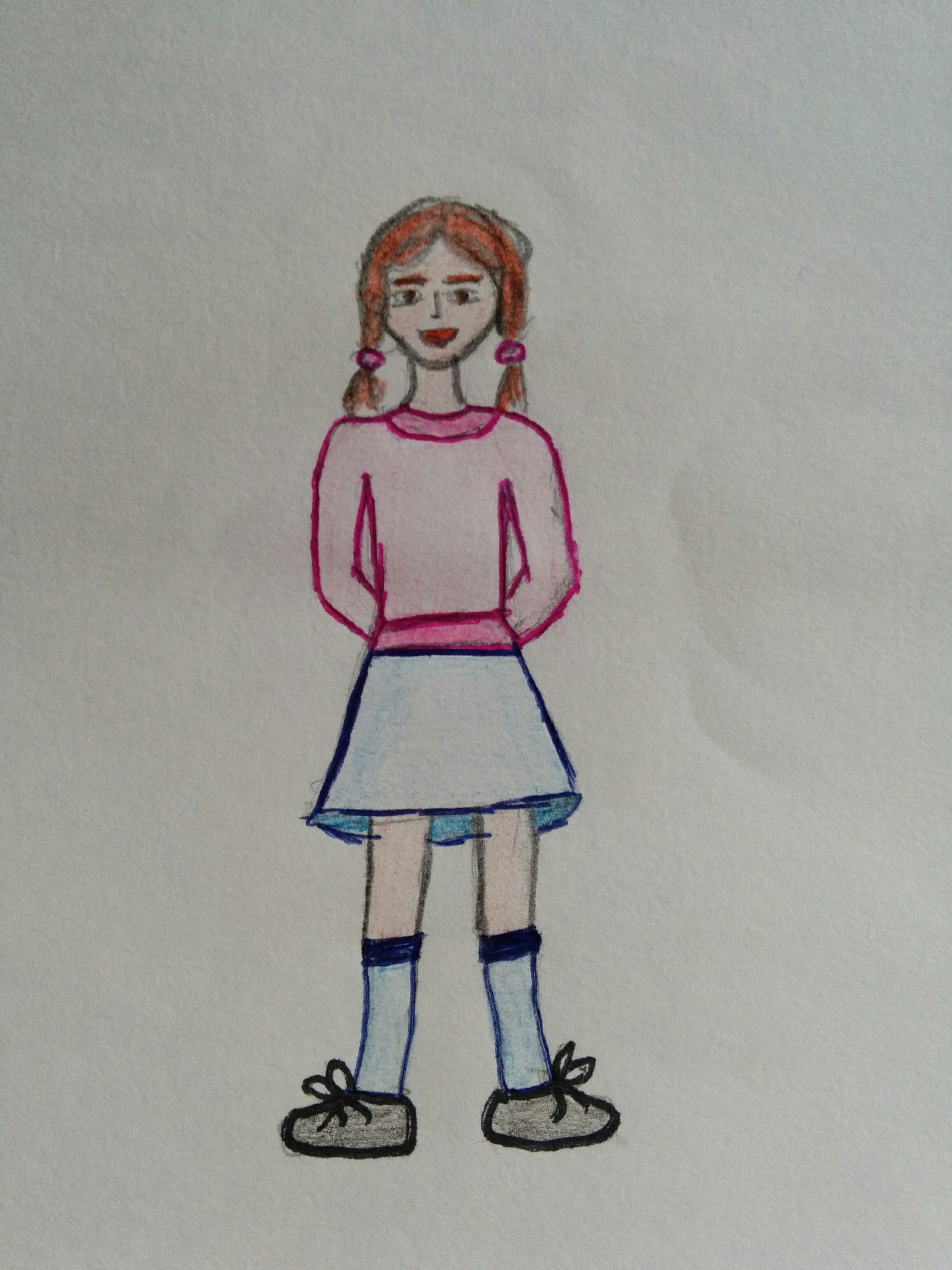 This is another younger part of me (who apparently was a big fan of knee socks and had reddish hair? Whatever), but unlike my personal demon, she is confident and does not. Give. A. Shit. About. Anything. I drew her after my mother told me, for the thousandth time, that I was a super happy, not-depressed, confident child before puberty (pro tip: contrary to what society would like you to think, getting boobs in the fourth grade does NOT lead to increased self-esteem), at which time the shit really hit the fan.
────────────────────
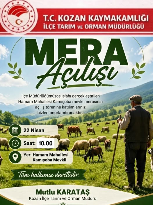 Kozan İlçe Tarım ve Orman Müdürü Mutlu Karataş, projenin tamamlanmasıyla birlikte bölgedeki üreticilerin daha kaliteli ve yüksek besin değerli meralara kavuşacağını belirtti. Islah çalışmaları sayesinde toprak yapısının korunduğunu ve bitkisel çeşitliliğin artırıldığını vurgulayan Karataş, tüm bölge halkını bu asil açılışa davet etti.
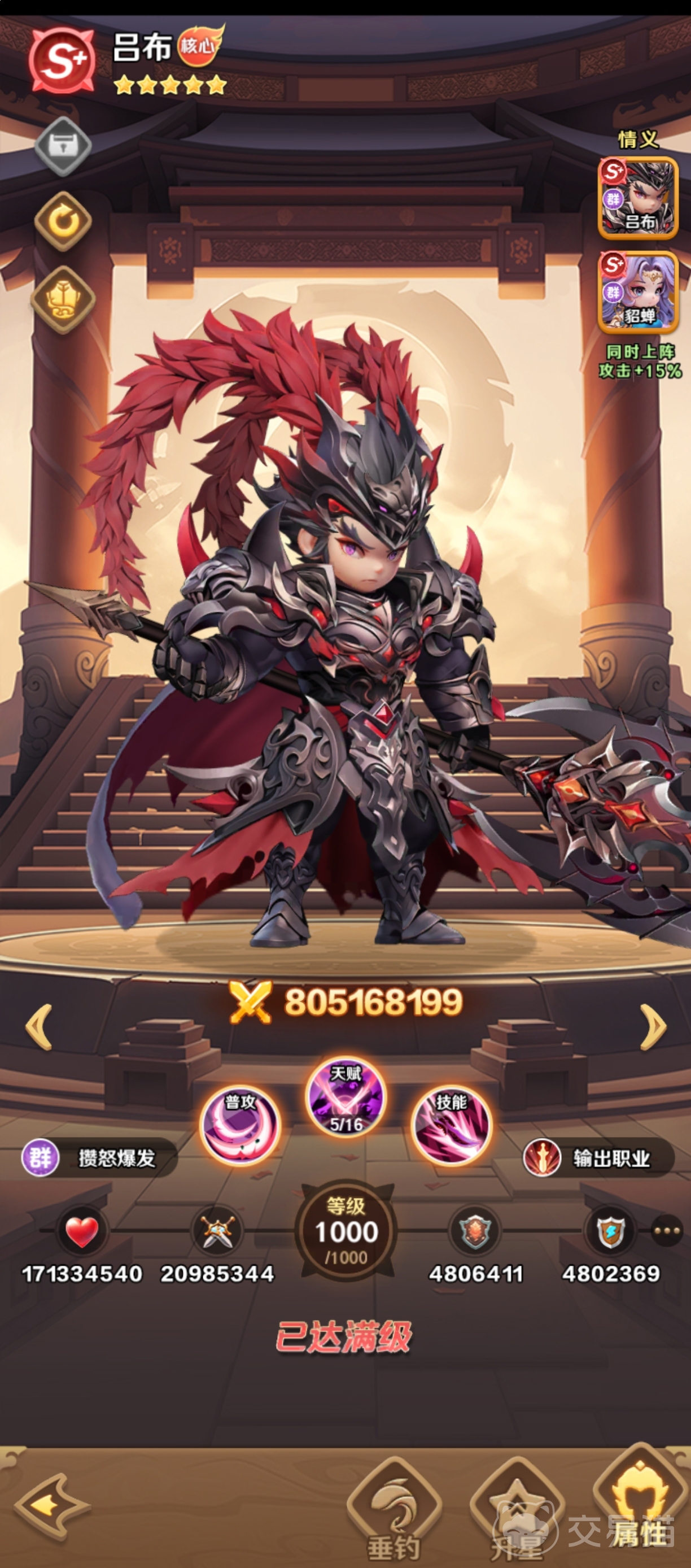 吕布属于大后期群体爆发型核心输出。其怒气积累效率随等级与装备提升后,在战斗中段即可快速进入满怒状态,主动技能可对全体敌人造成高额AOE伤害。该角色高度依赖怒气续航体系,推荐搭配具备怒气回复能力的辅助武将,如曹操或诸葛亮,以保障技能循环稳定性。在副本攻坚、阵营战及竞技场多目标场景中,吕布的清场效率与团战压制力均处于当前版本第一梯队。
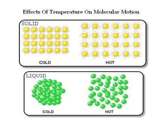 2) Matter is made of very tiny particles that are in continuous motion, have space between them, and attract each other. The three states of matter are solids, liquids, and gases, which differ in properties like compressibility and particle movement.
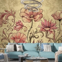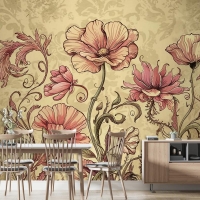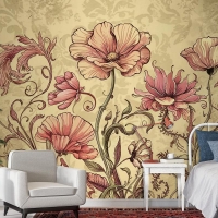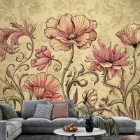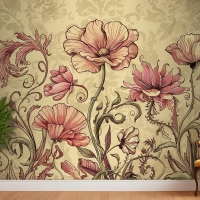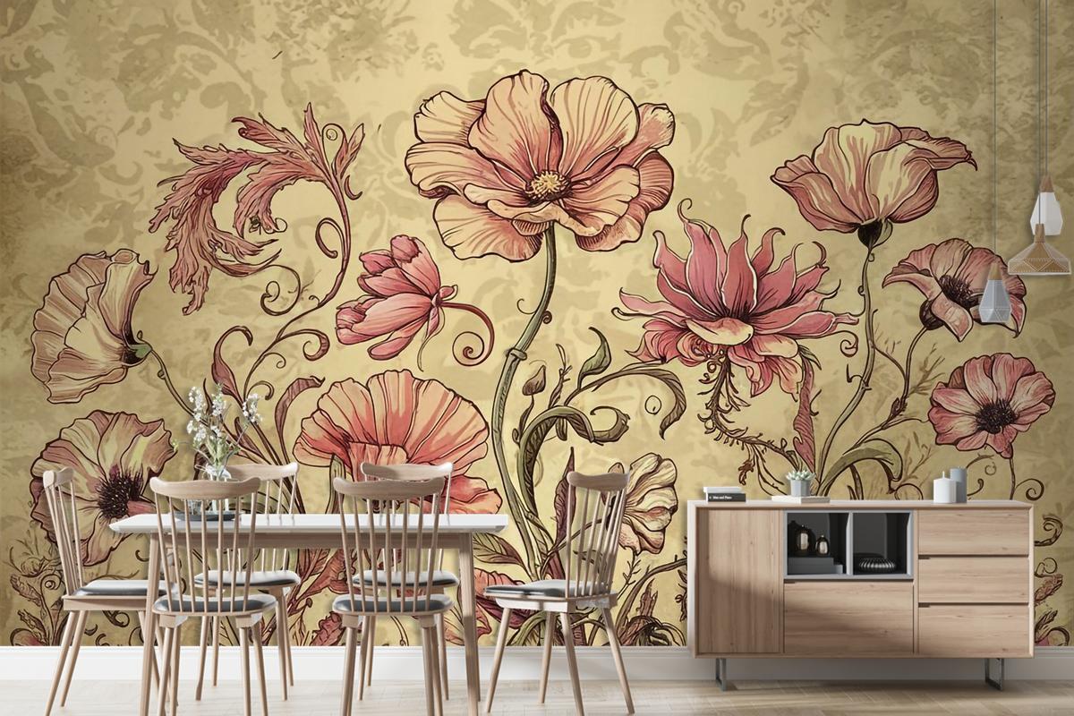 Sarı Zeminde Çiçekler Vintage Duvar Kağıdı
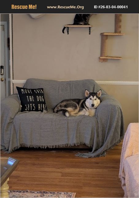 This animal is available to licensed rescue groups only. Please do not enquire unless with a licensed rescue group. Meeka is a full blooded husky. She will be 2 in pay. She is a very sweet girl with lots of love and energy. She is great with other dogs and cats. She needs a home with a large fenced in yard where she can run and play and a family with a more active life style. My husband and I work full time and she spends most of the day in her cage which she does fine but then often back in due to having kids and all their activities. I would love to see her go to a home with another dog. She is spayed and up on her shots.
────────────────────
Your assignment -
From the line holding "Sarı Zeminde Çiçekler Vintage Duvar Kağıdı" to the line holding "This animal is", both included, retype the entries above exactly and drop the pictures.

Completed task -
 Sarı Zeminde Çiçekler Vintage Duvar Kağıdı
 This animal is available to licensed rescue groups only. Please do not enquire unless with a licensed rescue group. Meeka is a full blooded husky. She will be 2 in pay. She is a very sweet girl with lots of love and energy. She is great with other dogs and cats. She needs a home with a large fenced in yard where she can run and play and a family with a more active life style. My husband and I work full time and she spends most of the day in her cage which she does fine but then often back in due to having kids and all their activities. I would love to see her go to a home with another dog. She is spayed and up on her shots.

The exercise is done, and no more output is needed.